WORK TO COMPLETE: Copy the records word for word, omitting all pictures.

*** DATA SHOWN ***

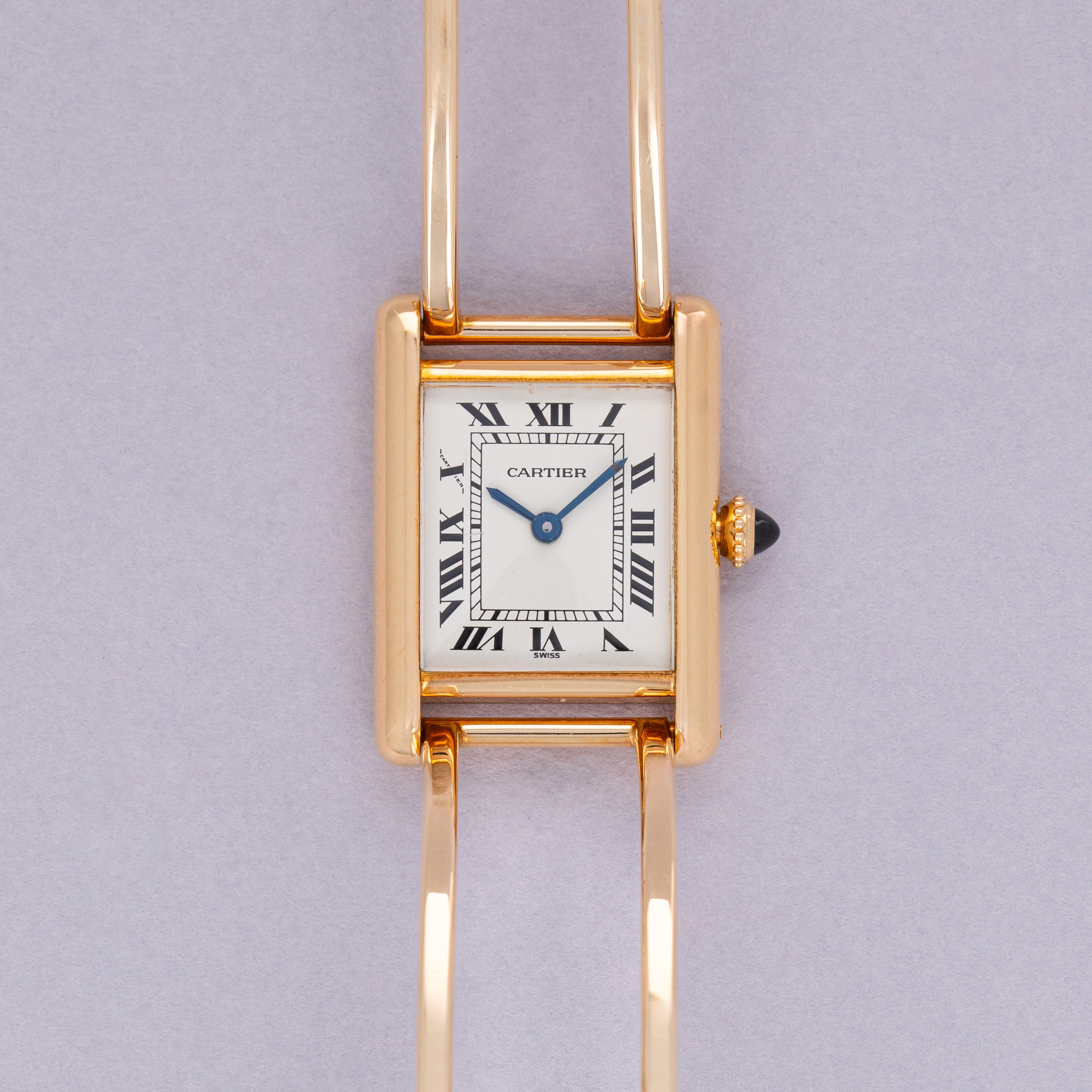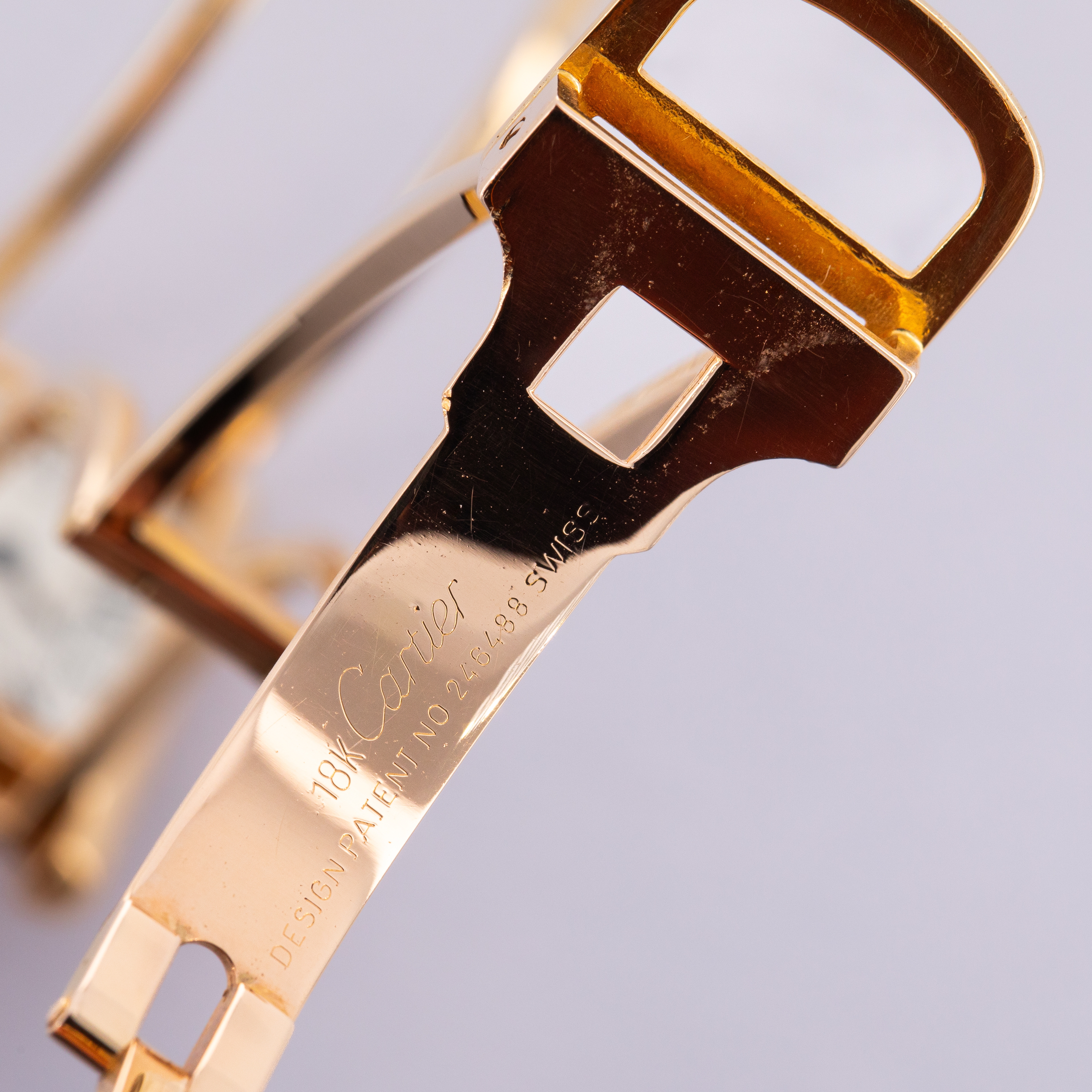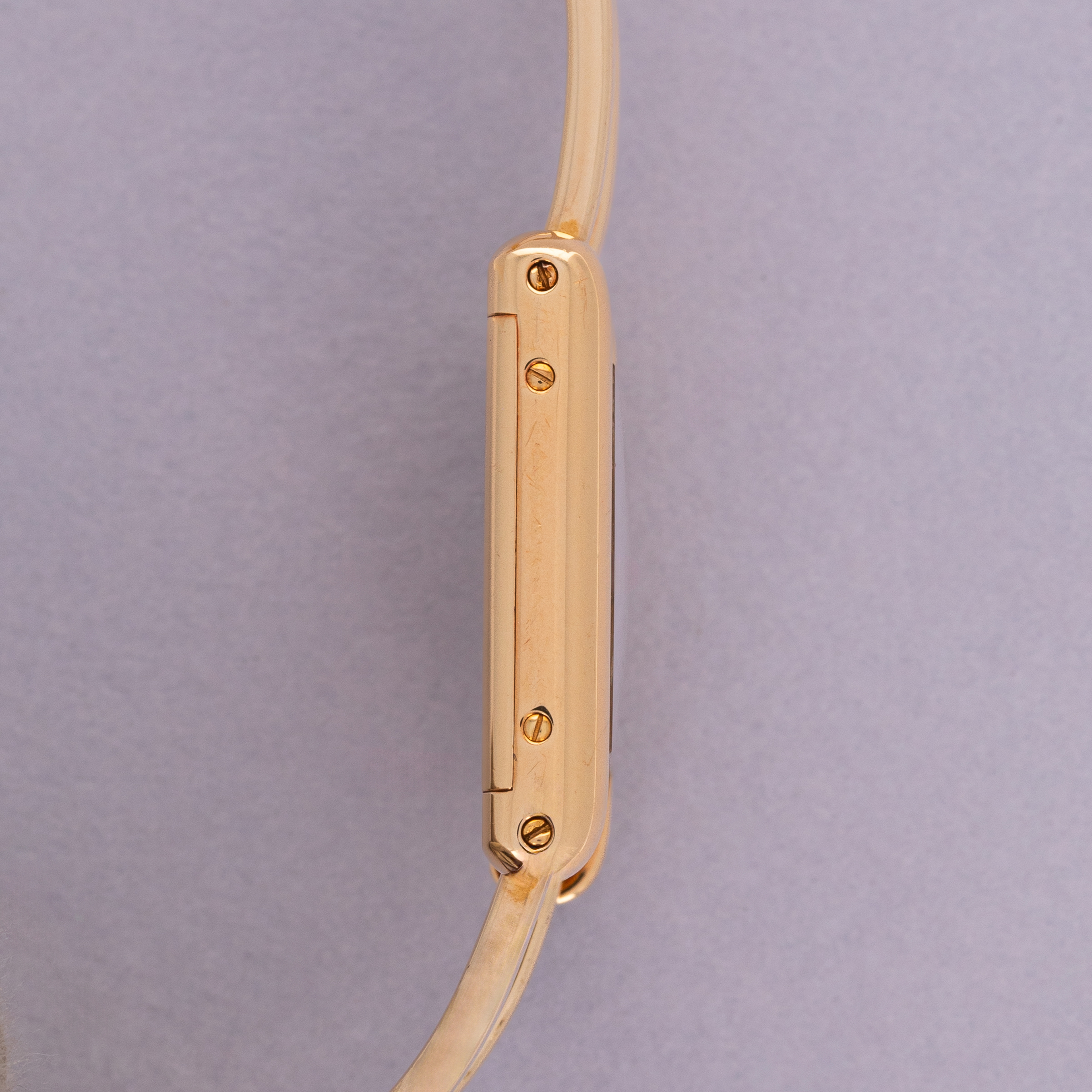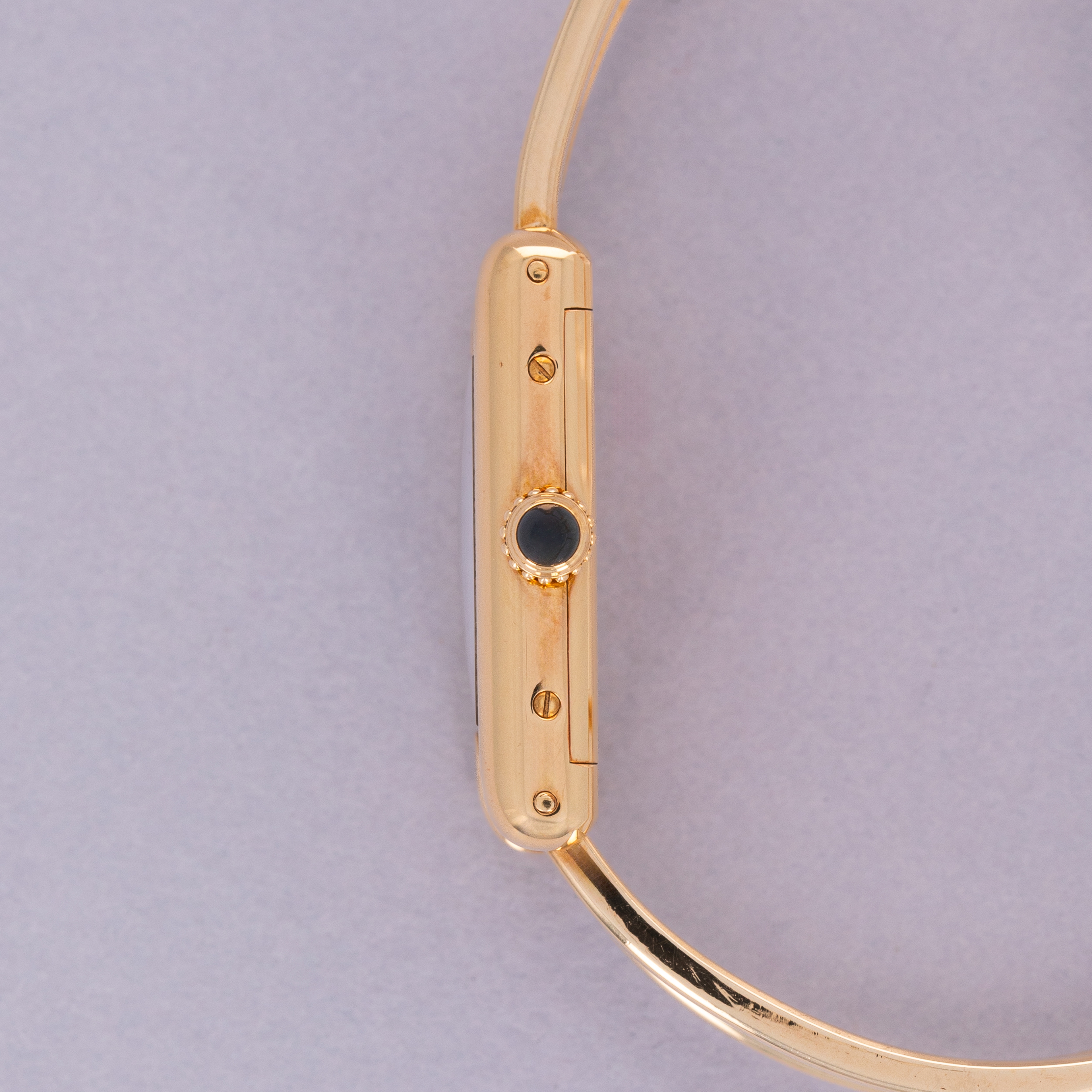 Offered as the smaller of the two Tank Louis options at the time, the ref. 78087 is 28mm x 20mm, making it slightly more svelte than its big brother, the ref. 78086. Adding some presence to its otherwise understated 18kt yellow gld construction, however, this example is offered on a custom 18kt yellow gold bangle-style bracelet that closes using a Cartier deployant clasp.
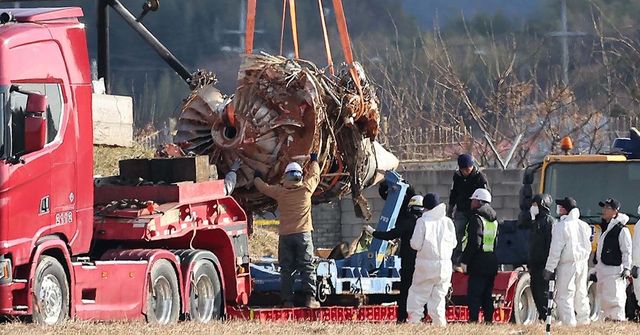 전남 무안국제공항 참사 현장에서 로컬라이저(방위각시설) 둔덕에 파묻힌 제주항공 7C2216편의 엔진이 트럭으로 옮겨지고 있다. 2025년 1월 4일 사진이다. / 뉴스1
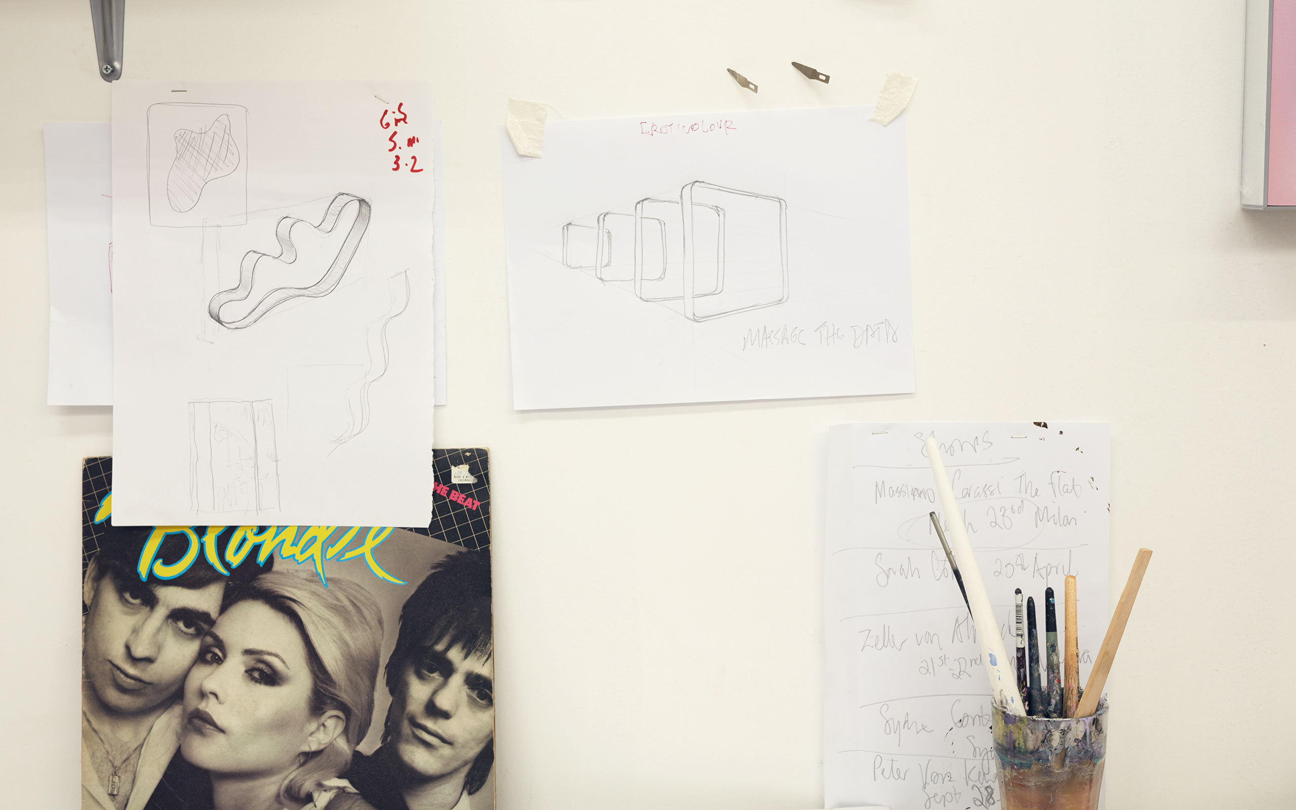 I don’t see him take much interest in my work, actually. He doesn’t really have an opinion about my work. But I like watching him make things. And I see the same obsessive moments in which he completely disappears into creating something, which is when you can’t hear anything from him for hours. But he loves going to the studio and collecting the material I am using like little pieces of mirror. He is then taking his finds back home, playing with them, turning them into his own thing, which is wonderful to watch.
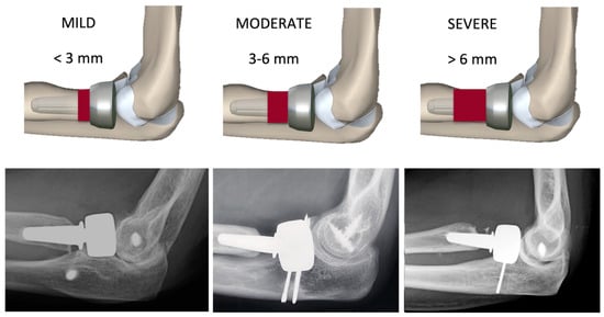 Given these premises, the aim of the present study was to propose a simple quantitative PRNR classification to fill this gap in the current literature. The present study was based on 97 patients who underwent RHA with short press-fit stems and had a mean follow-up of 6 years; approximately 82 of these 97 patients (84%) displayed some degree of PRNR. The patients with PRNR were then stratified into three subgroups (mild, moderate, and severe) according to the degree of PRNR. We considered an mPRNR <3 mm as mild, an mPRNR between 3 and 6 mm as moderate, and an mPRNR > 6 mm as severe. The 3 mm cut-off was chosen on the basis of the anatomical distance (normally ranging from 8 to 9 mm [7,8]) between the lower margin of the radial head articular surface on its ulnar side, which corresponds to the lesser sigmoid notch, and the proximal margin of the bicipital tuberosity (i.e., the length of the radial neck). According to the data in the present study, 54% of the sample presented a moderate mPRNR value (3–6 mm) and 33% presented a mild mPRNR value. A severe mPRNR was observed in only 13% of the sample, which indicates that more severe forms of PRNR are relatively rare. When the number of radial neck quadrants involved in PRNR was considered, 6% of the patients with mild mPRNR displayed resorption in one quadrant, 18% displayed resorption in two quadrants, 4% displayed resorption in three quadrants, and 72% displayed resorption in four quadrants. All four quadrants were instead always involved in all of the patients with moderate or severe mPRNR, which highlights the circumferential nature of PRNR in all but the lower grades.
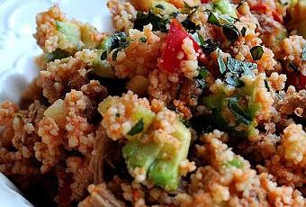 Une fois les légumes découpés( tomate, thon, avocat, concombre, poivron ),bien mélanger avec la semoule et le thon égoutté
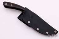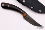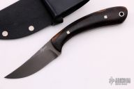 This knife by Lynn Dawson features a black blade with fileworked spine and notched thumbrest, .120" blade stock and .910" blade depth, full tang construction. The handle has wood scales with mosaic pins and lanyard hole. Comes with a black kydex sheath and zippered case. Excellent condition.
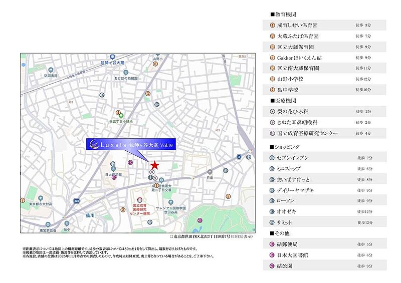 小田急小田原線「祖師ヶ谷大蔵」駅 徒歩14分 小田急小田原線「成城学園前」駅 徒歩25分 |
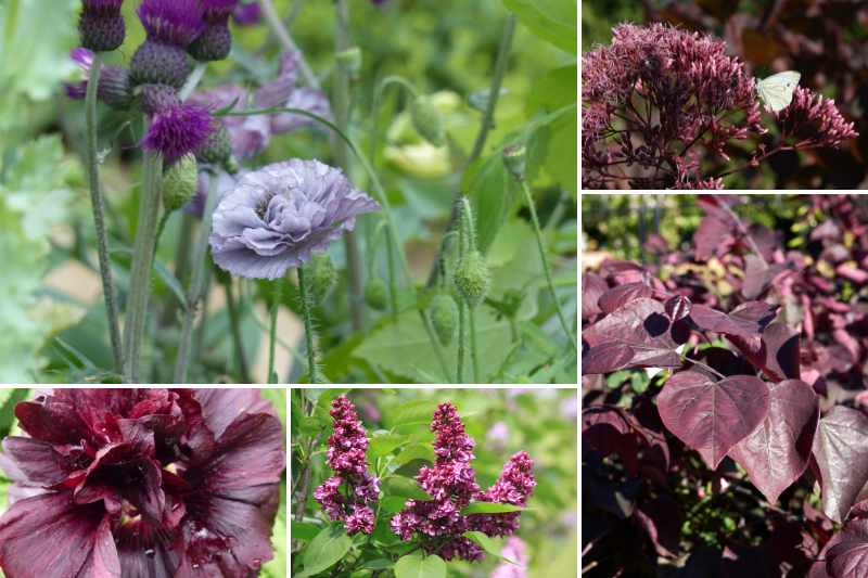 Autour de deux beaux arbustes choisis, l'un pour sa floraison lie-de-vin à fleurs doubles, le lilas 'Charles Joly', l'autre pour son feuillage remarquable en forme de cœur, le Cercis canadensis 'Forest Pansy', conviez quelques vivaces dans les mêmes tons très chauds, et des feuillages grisés pour la douceur. Dans notre exemple, la légèreté des inflorescences d'une eupatoire pourpre côtoie le subtil gris lavande d'un coquelicot très raffiné (Papaver rhoeas 'Amazing Grey'), et la verticalité toute gracieuse de roses trémières à fleurs doubles 'Chater's Violet'.

*** End of DATA SHOWN ***

WRITTEN ANSWER:
 Offered as the smaller of the two Tank Louis options at the time, the ref. 78087 is 28mm x 20mm, making it slightly more svelte than its big brother, the ref. 78086. Adding some presence to its otherwise understated 18kt yellow gld construction, however, this example is offered on a custom 18kt yellow gold bangle-style bracelet that closes using a Cartier deployant clasp.
 전남 무안국제공항 참사 현장에서 로컬라이저(방위각시설) 둔덕에 파묻힌 제주항공 7C2216편의 엔진이 트럭으로 옮겨지고 있다. 2025년 1월 4일 사진이다. / 뉴스1
 I don’t see him take much interest in my work, actually. He doesn’t really have an opinion about my work. But I like watching him make things. And I see the same obsessive moments in which he completely disappears into creating something, which is when you can’t hear anything from him for hours. But he loves going to the studio and collecting the material I am using like little pieces of mirror. He is then taking his finds back home, playing with them, turning them into his own thing, which is wonderful to watch.
 Given these premises, the aim of the present study was to propose a simple quantitative PRNR classification to fill this gap in the current literature. The present study was based on 97 patients who underwent RHA with short press-fit stems and had a mean follow-up of 6 years; approximately 82 of these 97 patients (84%) displayed some degree of PRNR. The patients with PRNR were then stratified into three subgroups (mild, moderate, and severe) according to the degree of PRNR. We considered an mPRNR <3 mm as mild, an mPRNR between 3 and 6 mm as moderate, and an mPRNR > 6 mm as severe. The 3 mm cut-off was chosen on the basis of the anatomical distance (normally ranging from 8 to 9 mm [7,8]) between the lower margin of the radial head articular surface on its ulnar side, which corresponds to the lesser sigmoid notch, and the proximal margin of the bicipital tuberosity (i.e., the length of the radial neck). According to the data in the present study, 54% of the sample presented a moderate mPRNR value (3–6 mm) and 33% presented a mild mPRNR value. A severe mPRNR was observed in only 13% of the sample, which indicates that more severe forms of PRNR are relatively rare. When the number of radial neck quadrants involved in PRNR was considered, 6% of the patients with mild mPRNR displayed resorption in one quadrant, 18% displayed resorption in two quadrants, 4% displayed resorption in three quadrants, and 72% displayed resorption in four quadrants. All four quadrants were instead always involved in all of the patients with moderate or severe mPRNR, which highlights the circumferential nature of PRNR in all but the lower grades.
 Une fois les légumes découpés( tomate, thon, avocat, concombre, poivron ),bien mélanger avec la semoule et le thon égoutté
 This knife by Lynn Dawson features a black blade with fileworked spine and notched thumbrest, .120" blade stock and .910" blade depth, full tang construction. The handle has wood scales with mosaic pins and lanyard hole. Comes with a black kydex sheath and zippered case. Excellent condition.
 小田急小田原線「祖師ヶ谷大蔵」駅 徒歩14分 小田急小田原線「成城学園前」駅 徒歩25分 |
 Autour de deux beaux arbustes choisis, l'un pour sa floraison lie-de-vin à fleurs doubles, le lilas 'Charles Joly', l'autre pour son feuillage remarquable en forme de cœur, le Cercis canadensis 'Forest Pansy', conviez quelques vivaces dans les mêmes tons très chauds, et des feuillages grisés pour la douceur. Dans notre exemple, la légèreté des inflorescences d'une eupatoire pourpre côtoie le subtil gris lavande d'un coquelicot très raffiné (Papaver rhoeas 'Amazing Grey'), et la verticalité toute gracieuse de roses trémières à fleurs doubles 'Chater's Violet'.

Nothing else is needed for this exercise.